(The input)

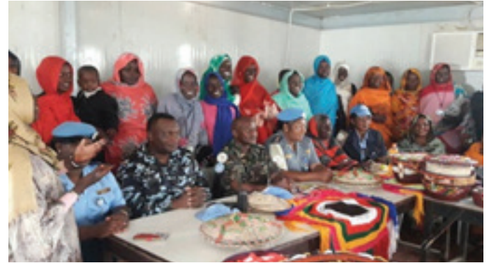
UNAMID Team cutting one of the cakes baked by IDPs trainees

فريق اليوناميد يقطع كعكة من صنع المتدربات
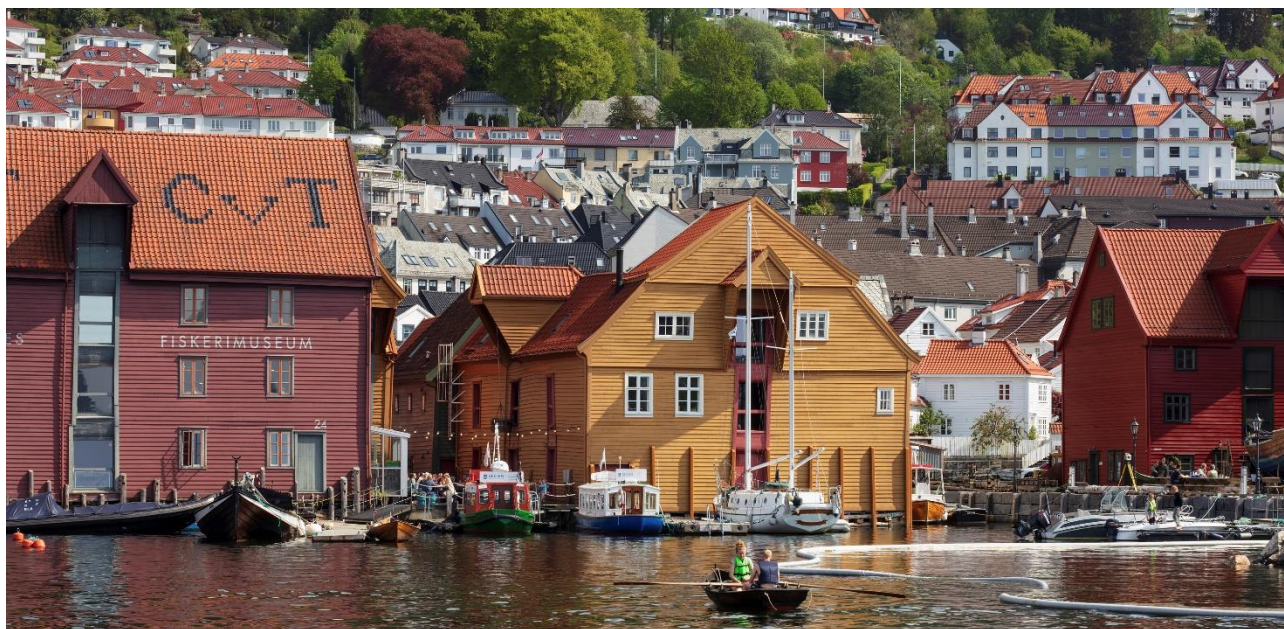
SANDVIKSODENE 12– 24, BERGEN: Sjøhusene er bygd mellom ca. 1672 og 1892 og er knyttet til rollen Bergen som et internasjonalt handelssentrum. Kulturmiljøet er levende minner om vår kystkultur og handelshistorie.

Bevaringsstrategiene skal legge til rette for at et mangfold av kulturmiljø, uavhengig av tidsperiode, blir bevart og brukt som en ressurs i samfunnsutviklingen. Hver av de tematiske bevaringsstrategiene har et tydelig innhold og egne målsetninger, men er åpen nok til å kunne romme ulike kulturmiljøer. I mange av bevaringsstrategiene vil de utvalgte temaene ha sammenfallende interesser med prioriterte tema i fredningsstrategien.
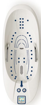
DELTA 40 Deluxe
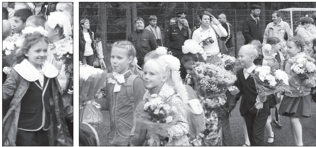
1 сентября во всех школах Зеленогорска прошли торжественные линейки, посвященные началу нового учебного года.
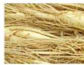
オタネニンジン根エキス
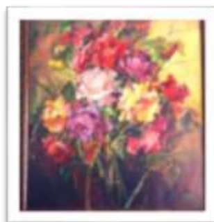
OBR-000191 AUTOR: IVETTE EGA RD$90,000.00
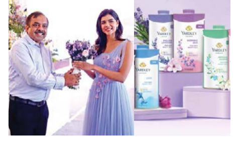
याईले लंडनने केले कल्याणी प्रियदर्शनला नवीन ब्रँड अम्बेसडर पान ३
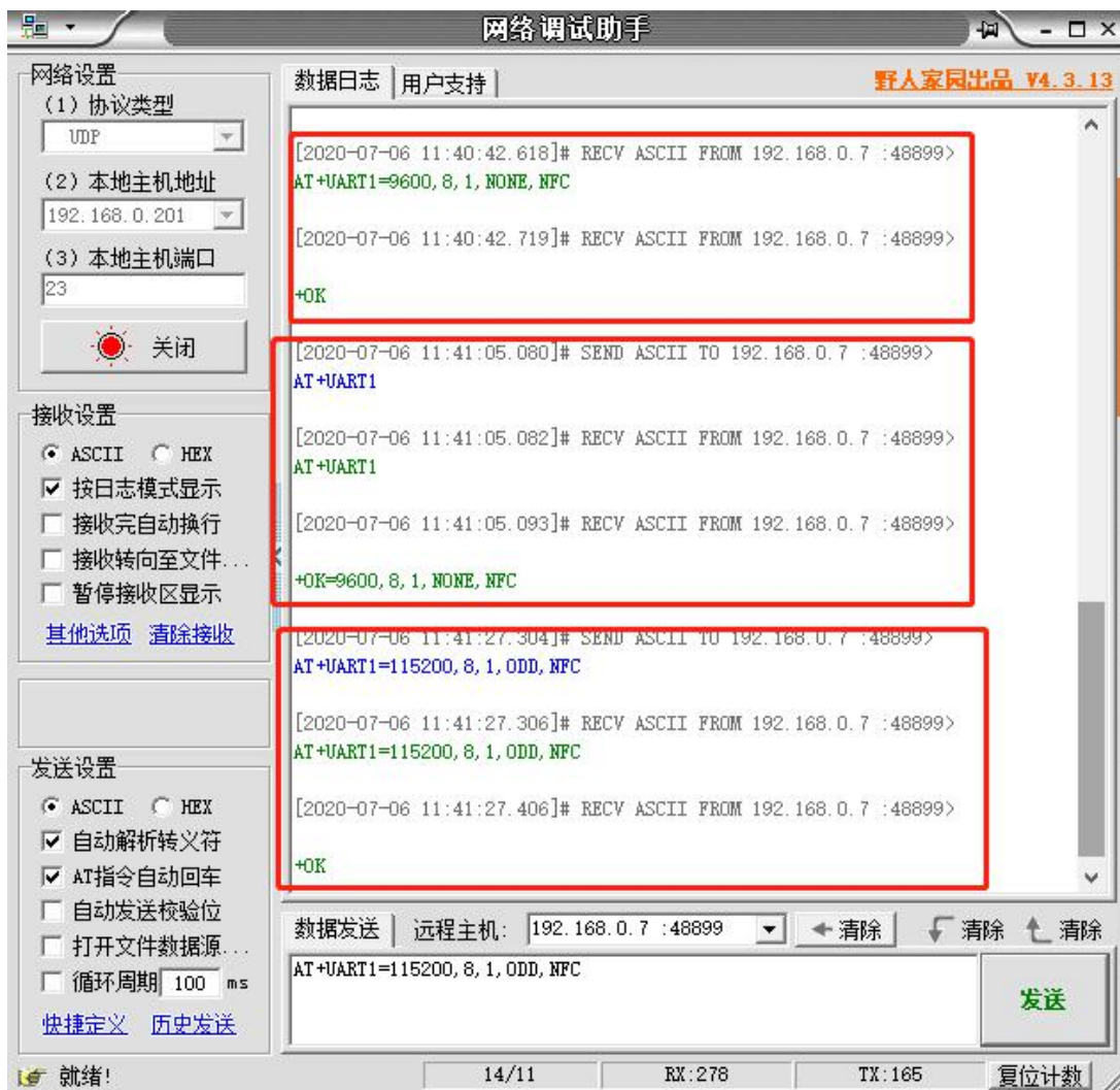
图 3 网络 AT 指令设置和查询
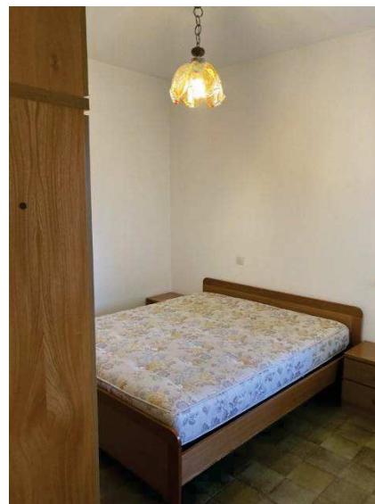
viste interne camera matrimoniale

(End The input)

What you should do:
Repeat exactly and only the lines from the start of the data above through the line that holds "SANDVIKSODENE 12– 24, BERGEN: Sjøhusene", inclusive. Pictures do not belong in the copy.

Exercise answer:
UNAMID Team cutting one of the cakes baked by IDPs trainees

فريق اليوناميد يقطع كعكة من صنع المتدربات
SANDVIKSODENE 12– 24, BERGEN: Sjøhusene er bygd mellom ca. 1672 og 1892 og er knyttet til rollen Bergen som et internasjonalt handelssentrum. Kulturmiljøet er levende minner om vår kystkultur og handelshistorie.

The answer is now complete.